There will be many additional dangers if the foundation models are as good as Dr. Quake had hoped. Eighty biologists and AI professionals have signed a petition demanding regulation of the technology to prevent the development of new biological weapons. The petition was submitted on Friday. This worry could extend to novel cell types generated by the simulations.
Even sooner, there might be privacy breaches. The goal of the research is to develop individualized models of the foundation that take into account each person’s genome and how it functions in cells. This additional layer of information may provide light on the effects of various gene variants on cellular processes. On the other hand, it has the potential to provide the foundation model’s owners with unprecedented access to personal details about the individuals whose DNA and cells were contributed to scientific research.
The extent to which basic models will progress towards “Fantastic Voyage,” though, is a matter of some uncertainty among scientists. Data quality determines how accurate the models are. The ability to gather data that we haven’t yet mastered might be crucial to making a ground-breaking discovery on life. Data requirements for the models may be unknown to us.
Arizona State University physicist Sara Walker, who investigates the molecular underpinnings of life, speculated that “they might make some new discoveries of interest.” “However, in the end, they have severe limitations when it comes to ground-breaking new discoveries.”
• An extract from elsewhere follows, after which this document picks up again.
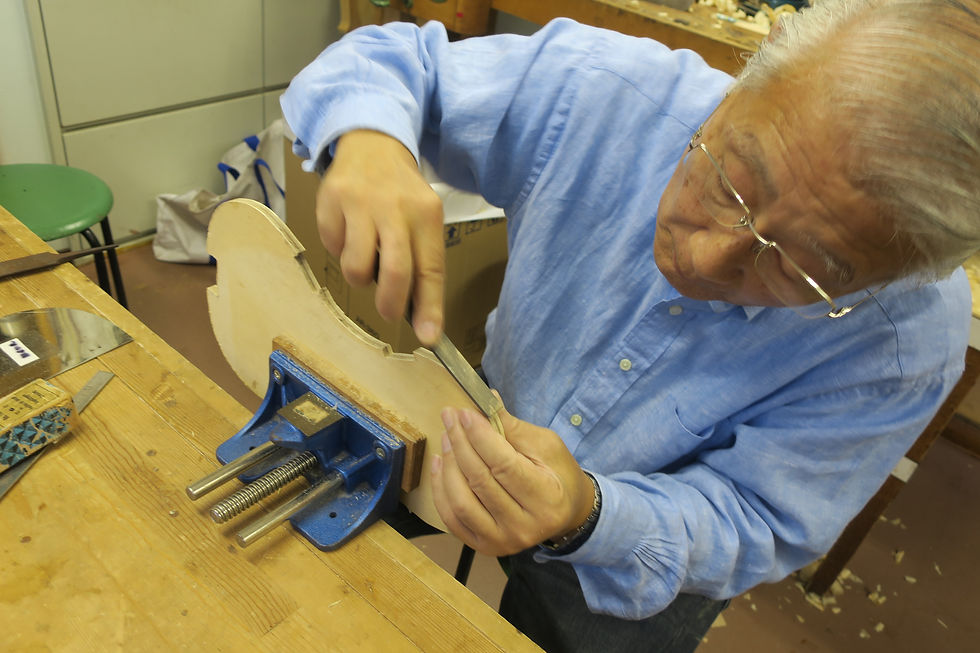 氏、久しぶりの登場である。ダヴィドフ完成後、最近湘南のオーケストラに所属し、ベートーヴェン”田園”を弾いてるらしい。今回は幼少のみぎりにやっていた、ヴァイオリンを創るという事で、登場した!さっそくモールド創り1・5mmのシナべニアにトレースした、バンドソーで切り抜きモールドの完成である。ダヴィドフを11ヶ月で完成させた人。6ヶ月で仕上げると意気込んでいる・・。

Nonetheless, foundation models’ results have already made their developers question what humans would do in a future where computers can solve complex biological problems without human input. Research into the mechanisms of life has traditionally been recognized and rewarded for the innovative and labor-intensive experiments conducted by biologists. Computers, however, may be able to scan billions of cells for patterns that humans can’t perceive in a few days, weeks, or even hours, revealing these inner workings.
“It’s going to force a complete rethink of what we consider creativity,” Dr. Quake said. “Professors should be very, very nervous,” Dr. Quake warned.